• **Information shown**:
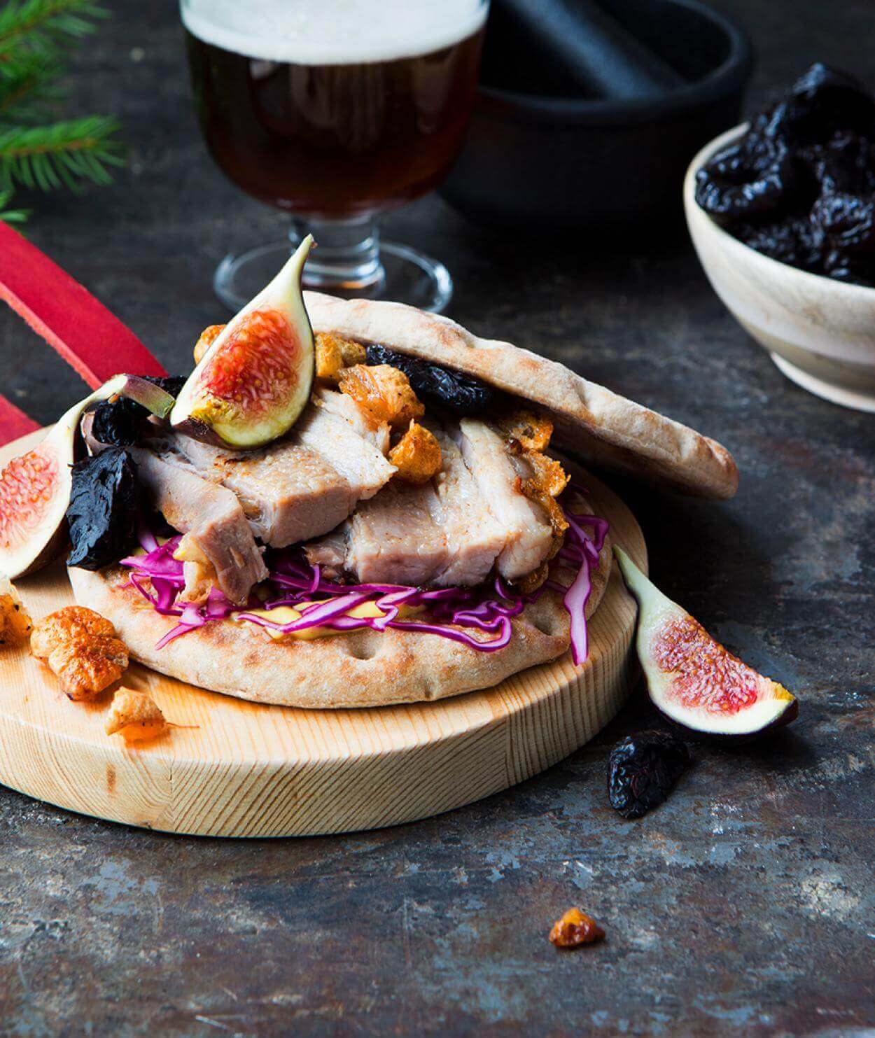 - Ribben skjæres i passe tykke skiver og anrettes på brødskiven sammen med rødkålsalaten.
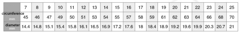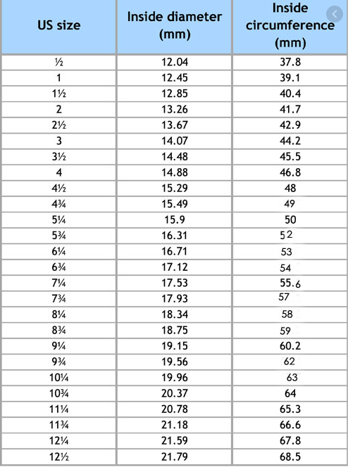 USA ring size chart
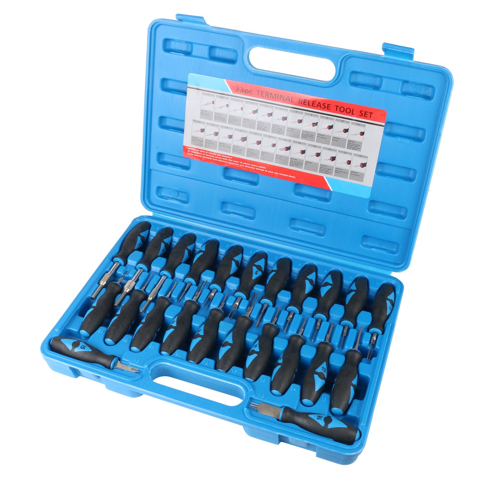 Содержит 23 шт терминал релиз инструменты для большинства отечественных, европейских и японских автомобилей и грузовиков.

• **Your task**:
Reproduce the whole listing verbatim. Pictures stay out of the copy.

• **Answer**:
 - Ribben skjæres i passe tykke skiver og anrettes på brødskiven sammen med rødkålsalaten.
 USA ring size chart
 Содержит 23 шт терминал релиз инструменты для большинства отечественных, европейских и японских автомобилей и грузовиков.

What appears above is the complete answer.